### Exercise prompt
This exercise asks for an exact copy of the lines from the one containing "HeyHenry 美式烫钻开衫拉链连帽卫衣女2025秋季休闲长袖潮牌外套" through the final line of the material, with pictures omitted.
*** Begin section ***
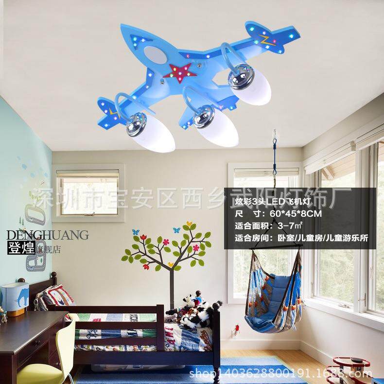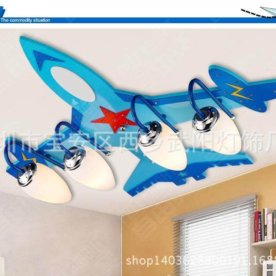 吸顶灯卡通木质飞机卧室灯LED分段遥控客厅灯儿童房幼儿园灯饰
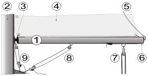 1 − гик; 2 − мачта; 3 − пятка с ползуном; 4 − парус; 5 − топенант; 6 − нок; 7 − гика-шкот; 8 − оттяжка гика; 9 − оттяжка пятки гика
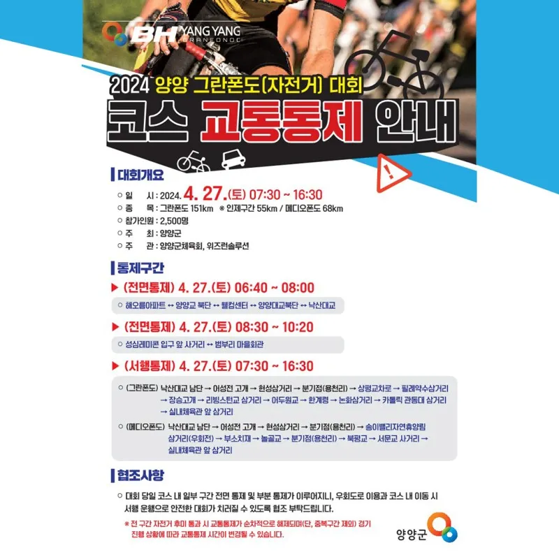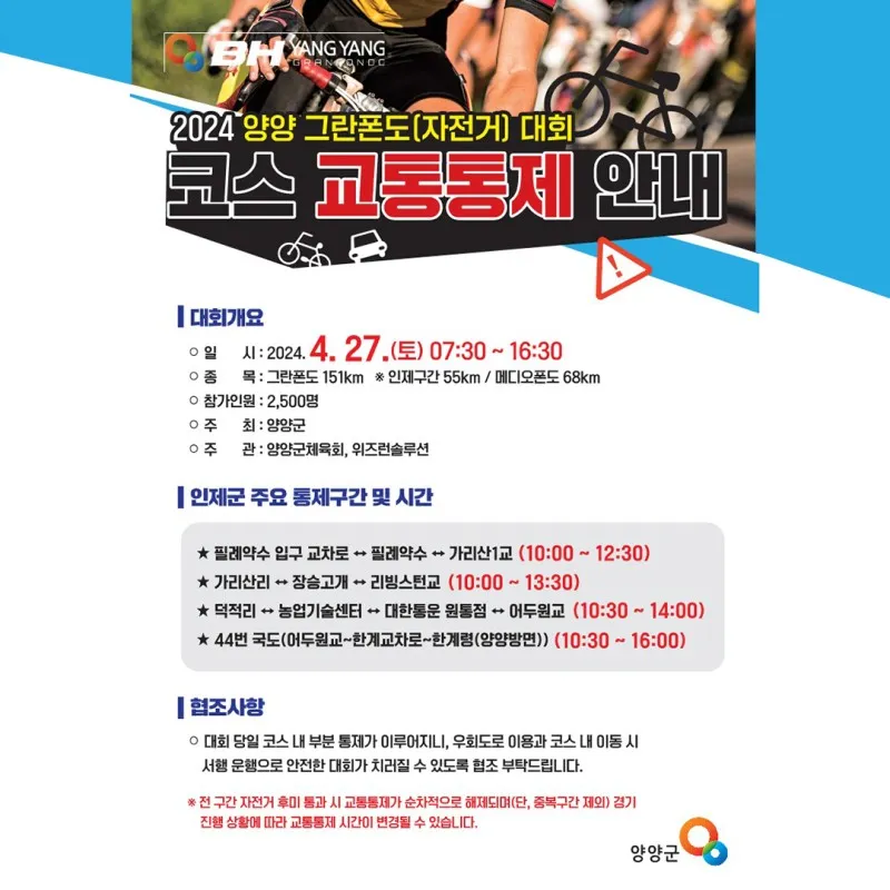 2024 양양 그란폰도(자전거) 대회 코스 교통통제 안내
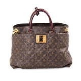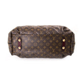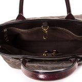 Details: Brown Quilted Monogram Coated Canvas / Gold-Tone Hardware / Snake Skin Rolled Handles and Adjustable Shoulder Strap / Brown Ostrich Leather Accent at Top Line / Exterior Pocket at Front with Tortoiseshell Accented Turn-Lock / Brown Alacantra Lining / Three Zipper Closure Pockets / Clasp Closure at Top
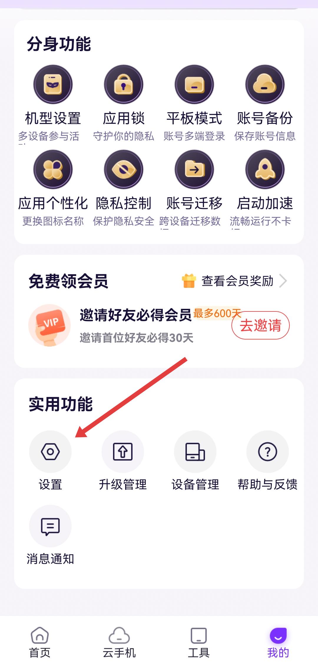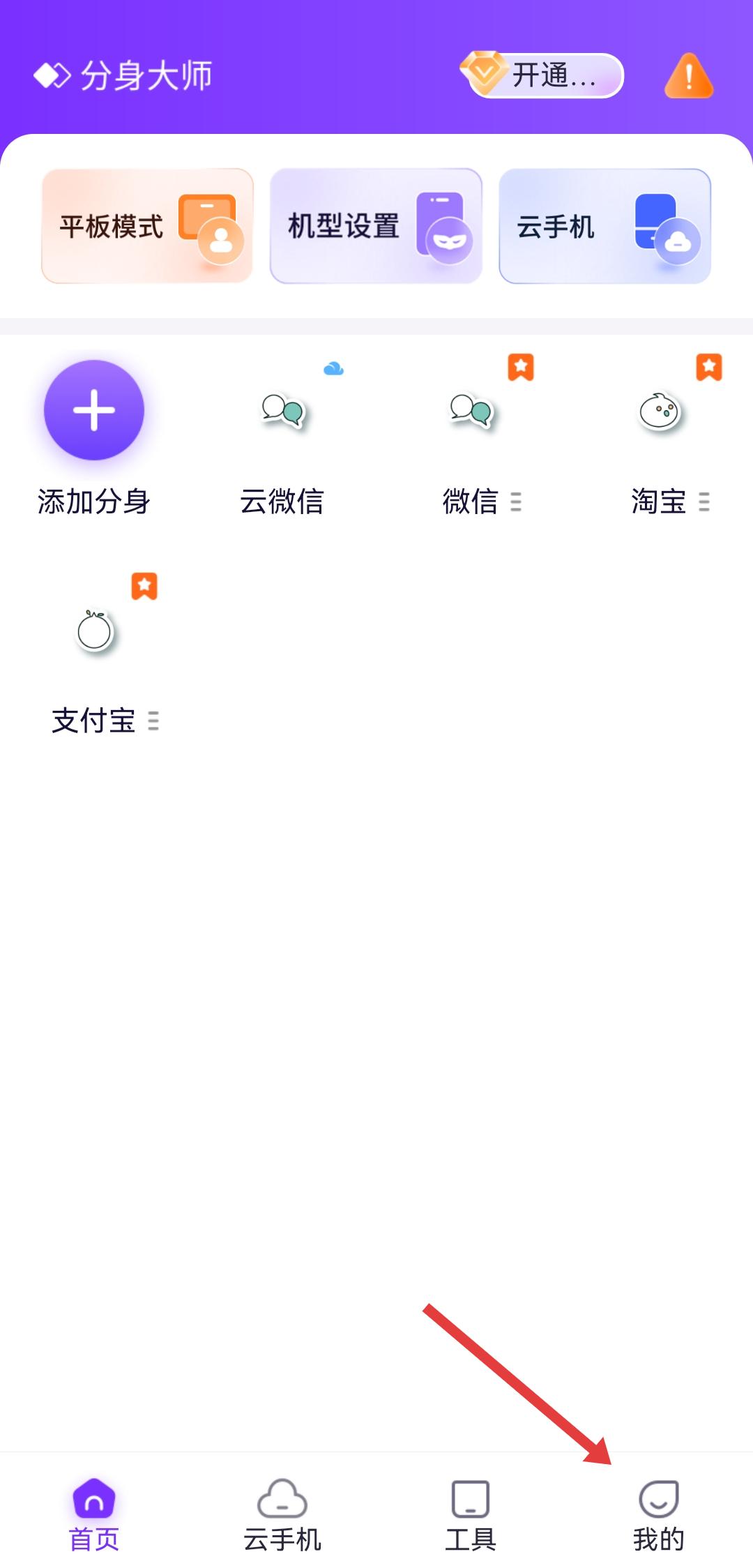 1、在分身大師主界面,點(diǎn)擊底部導(dǎo)航欄的我的選項(xiàng),進(jìn)入個(gè)人中心頁(yè)面。
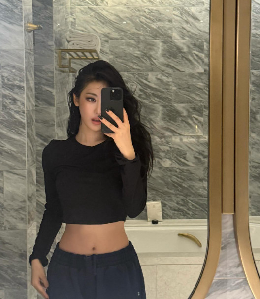 그룹 에스파 멤버 닝닝이 명품 허리 라인을 뽐냈다.
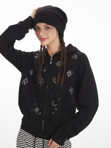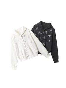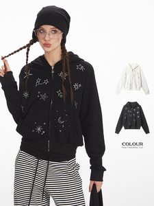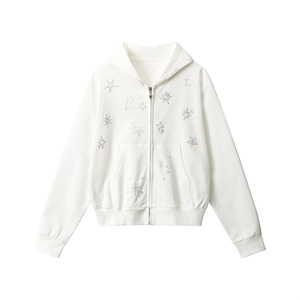 HeyHenry 美式烫钻开衫拉链连帽卫衣女2025秋季休闲长袖潮牌外套
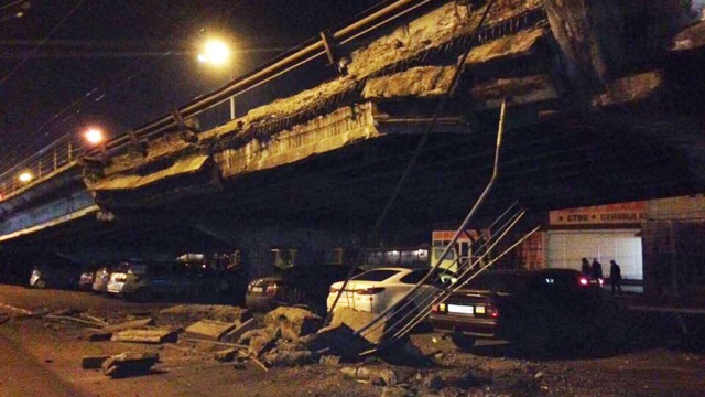 В центре украинской столице частично обрушился Шулявский путепровод. Мэр Киева Виталий Кличко объяснил это тем, что "мост устал от времени". ntv.ru »
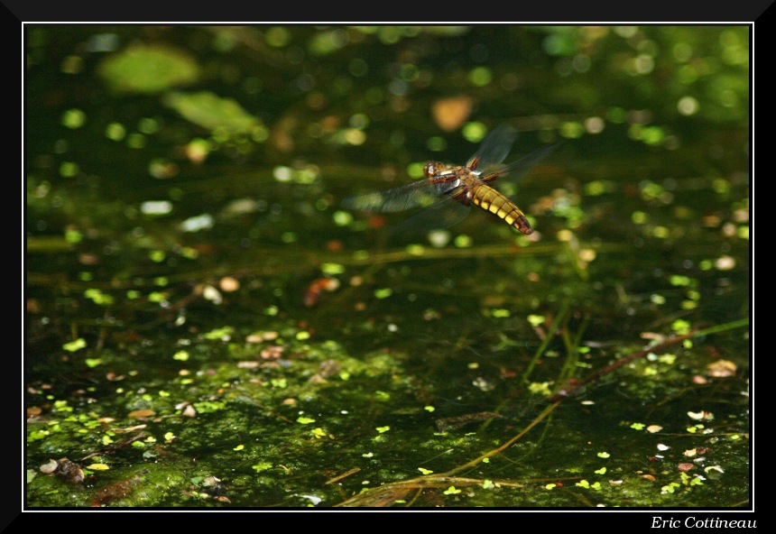 Pour tout vous dire, la libellule passait continuellement devant moi pour faire un court stationnaire à moins d'un mêtre. Après plusieurs essais en autofocus qui était manifestement à la rue, je suis passé en MAP manuelle et j'ai 2 images plus nettes à part la tête.
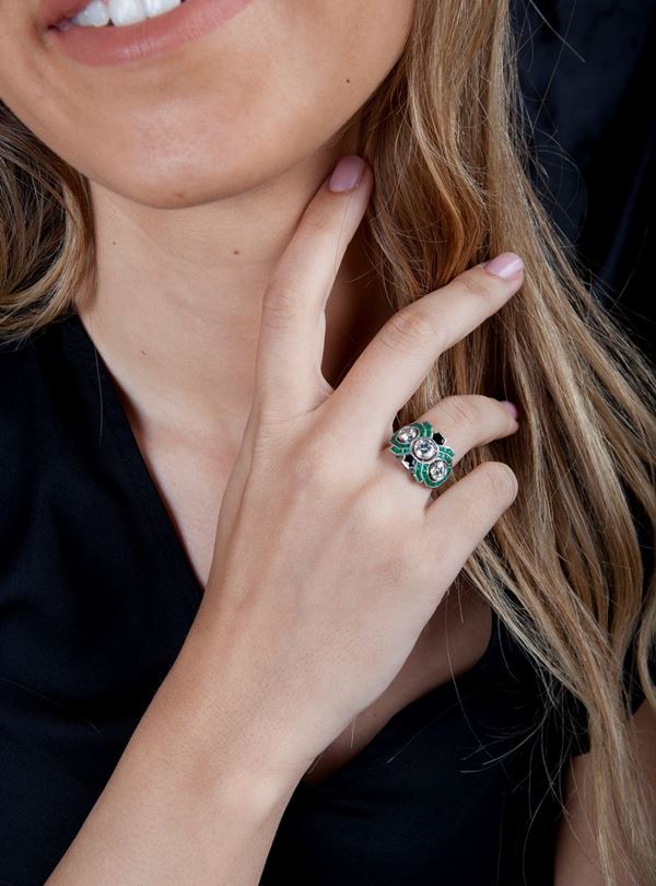 Platino 950/000, tre diamanti centrali in taglio rotondo ct. 2 ca, H-I - SI-P ,smeraldi e onici in taglio calibrè. Peso complessivo gr 6,60.
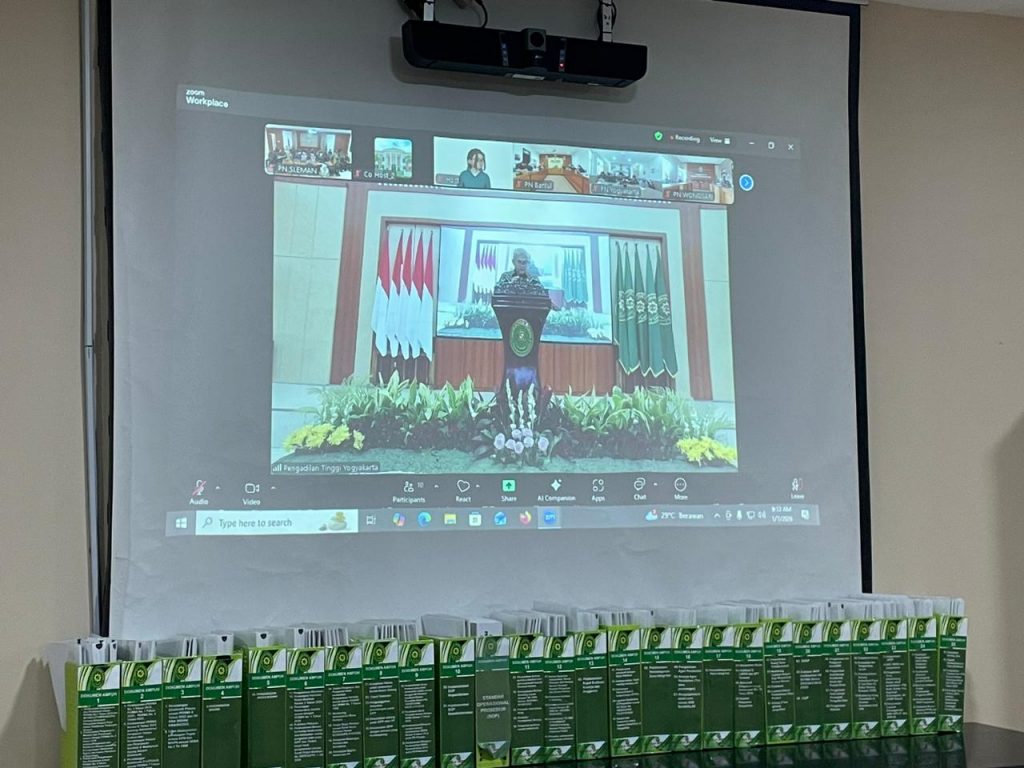 Rabu, 7 Januari 2026 memenuhi undangan dari Pengadilan Tinggi Yogyakarta Nomor : 5/WKPT.W13-U/UND.HM3.1.3/I/2026, bertempat di Ruang Command Center Pengadilan Negeri Sleman, Wakil Ketua Pengadilan Negeri Sleman Bapak Agung Nugroho S.H., M.H, di dampingi para Hakim,Pejabat Struktural,beserta para ASN Pengadilan Negeri Sleman mengikuti acara Refleksi Kinerja Pengadilan Tinggi Yogyakarta Tahun 2025 yang dilaksanakan secara online melalui Zoom Meting. Acara Refleksi Kinerja tersebut dipimpin langsung oleh Ketua Pengadilan Tinggi Yogyakarta Bapak Prof. Dr. H.Herri Swantoro,S.H., M.H. yang memaparkan tentang Performa Kinerja Tahun 2025 dan Rencana Kerja Tahun 2026 pada Pengadilan tinggi Yongyakarta dan Pengadilan Negeri Se- Wilayah Hukum Pengadulan Tinggi Yogyakarta.
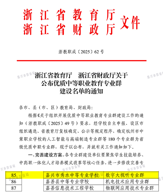 近日,浙江省教育廳、浙江省財政廳正式公布浙江省中職優(yōu)質(zhì)專業(yè)群立項名單。嘉興市秀水中等專業(yè)學(xué)校申報的“數(shù)字大視聽專業(yè)群”經(jīng)過嚴(yán)格評審,成功入選,標(biāo)志著學(xué)校在專業(yè)建設(shè)與人才培養(yǎng)方面邁上新臺階。
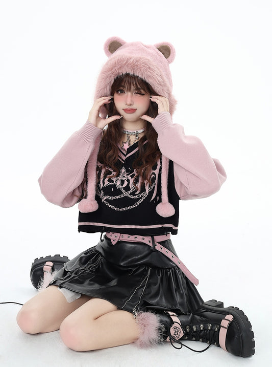 Black and pink V-neck off-shoulder sweater
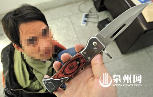 蘭師傅走到窗口前,窗口內(nèi)的小陳指著其中的年輕男子向自己示意,蘭師傅正納悶,突然看到這名男子右手握著一把十多厘米長(zhǎng)的匕首。
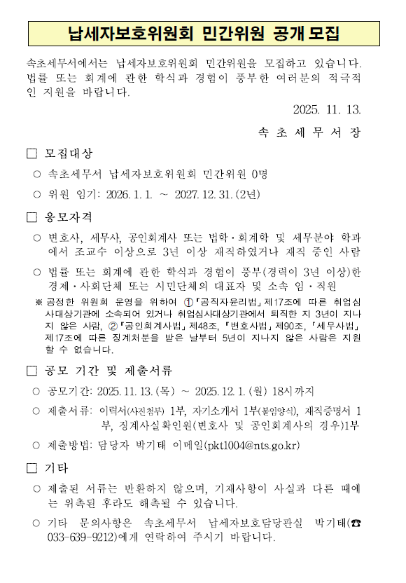 속초세무서 납세자보호위원회 민간위원 공개 모집
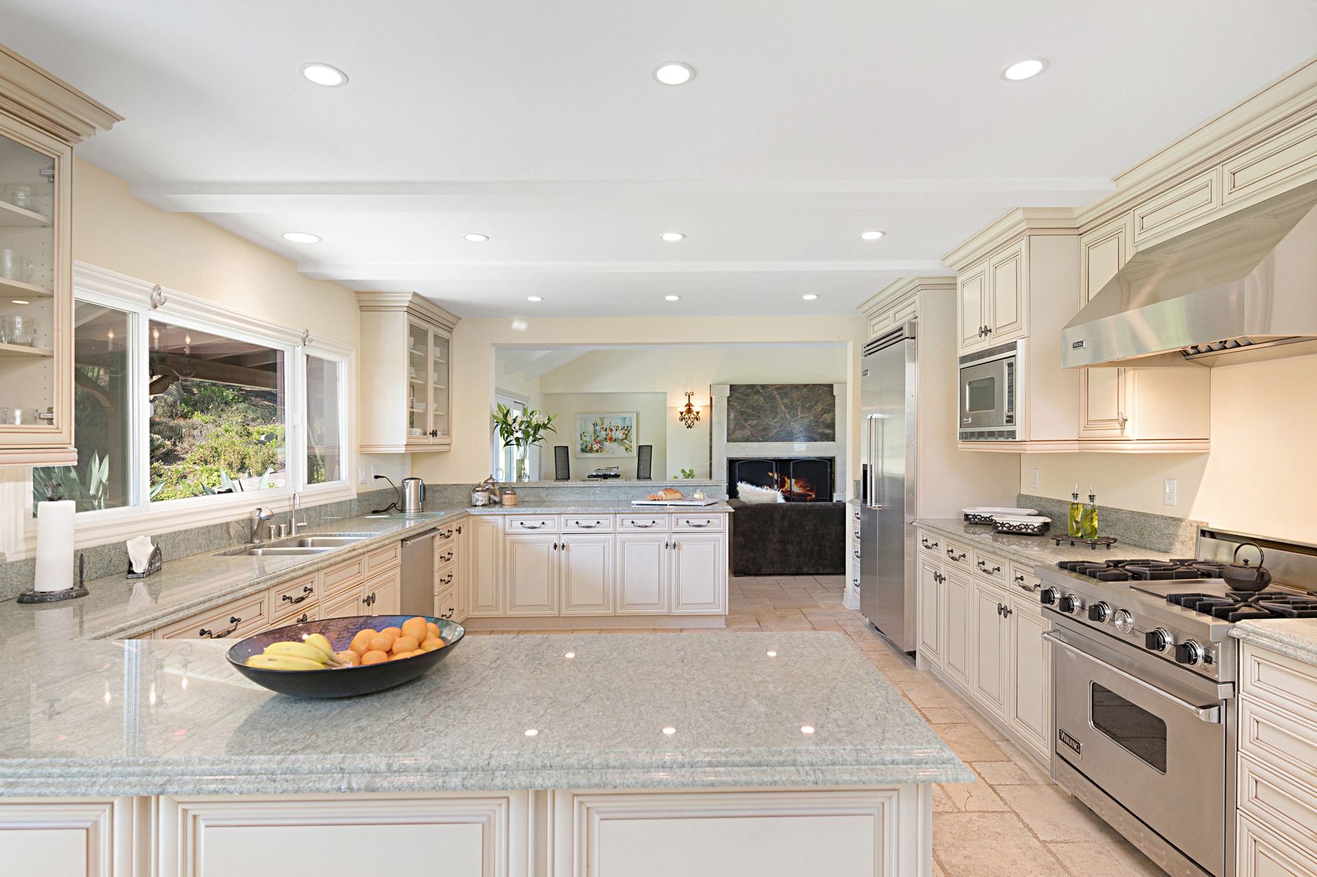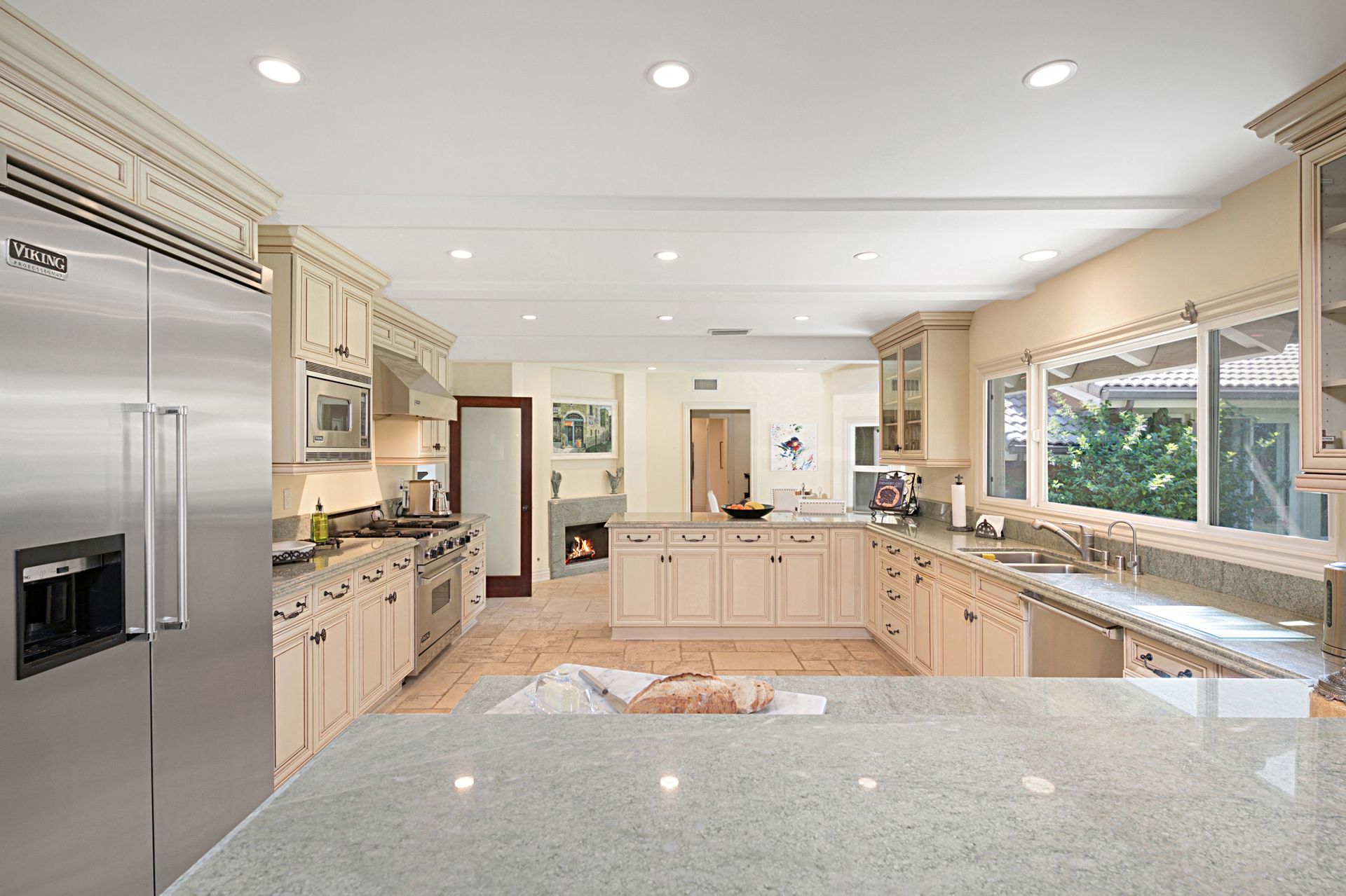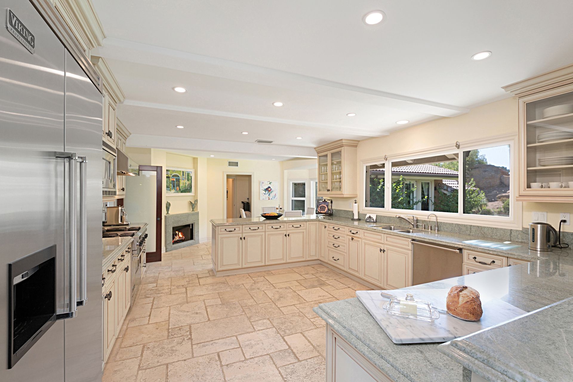 Travertine floors grace the living spaces, including the expansive gourmet kitchen featuring Viking appliances, granite countertops, custom cabinets, and a cozy fireplace-adorned breakfast nook. Flowing from the kitchen, the family room boasts a majestic marble and granite fireplace with a raised hearth, perfect for cozy gatherings. Ascend the spiral staircase to discover a private office space with cathedral wood ceilings, offering a serene retreat.
*** End section ***
### Response to the exercise
 HeyHenry 美式烫钻开衫拉链连帽卫衣女2025秋季休闲长袖潮牌外套
 В центре украинской столице частично обрушился Шулявский путепровод. Мэр Киева Виталий Кличко объяснил это тем, что "мост устал от времени". ntv.ru »
 Pour tout vous dire, la libellule passait continuellement devant moi pour faire un court stationnaire à moins d'un mêtre. Après plusieurs essais en autofocus qui était manifestement à la rue, je suis passé en MAP manuelle et j'ai 2 images plus nettes à part la tête.
 Platino 950/000, tre diamanti centrali in taglio rotondo ct. 2 ca, H-I - SI-P ,smeraldi e onici in taglio calibrè. Peso complessivo gr 6,60.
 Rabu, 7 Januari 2026 memenuhi undangan dari Pengadilan Tinggi Yogyakarta Nomor : 5/WKPT.W13-U/UND.HM3.1.3/I/2026, bertempat di Ruang Command Center Pengadilan Negeri Sleman, Wakil Ketua Pengadilan Negeri Sleman Bapak Agung Nugroho S.H., M.H, di dampingi para Hakim,Pejabat Struktural,beserta para ASN Pengadilan Negeri Sleman mengikuti acara Refleksi Kinerja Pengadilan Tinggi Yogyakarta Tahun 2025 yang dilaksanakan secara online melalui Zoom Meting. Acara Refleksi Kinerja tersebut dipimpin langsung oleh Ketua Pengadilan Tinggi Yogyakarta Bapak Prof. Dr. H.Herri Swantoro,S.H., M.H. yang memaparkan tentang Performa Kinerja Tahun 2025 dan Rencana Kerja Tahun 2026 pada Pengadilan tinggi Yongyakarta dan Pengadilan Negeri Se- Wilayah Hukum Pengadulan Tinggi Yogyakarta.
 近日,浙江省教育廳、浙江省財政廳正式公布浙江省中職優(yōu)質(zhì)專業(yè)群立項名單。嘉興市秀水中等專業(yè)學(xué)校申報的“數(shù)字大視聽專業(yè)群”經(jīng)過嚴(yán)格評審,成功入選,標(biāo)志著學(xué)校在專業(yè)建設(shè)與人才培養(yǎng)方面邁上新臺階。
 Black and pink V-neck off-shoulder sweater
 蘭師傅走到窗口前,窗口內(nèi)的小陳指著其中的年輕男子向自己示意,蘭師傅正納悶,突然看到這名男子右手握著一把十多厘米長(zhǎng)的匕首。
 속초세무서 납세자보호위원회 민간위원 공개 모집
 Travertine floors grace the living spaces, including the expansive gourmet kitchen featuring Viking appliances, granite countertops, custom cabinets, and a cozy fireplace-adorned breakfast nook. Flowing from the kitchen, the family room boasts a majestic marble and granite fireplace with a raised hearth, perfect for cozy gatherings. Ascend the spiral staircase to discover a private office space with cathedral wood ceilings, offering a serene retreat.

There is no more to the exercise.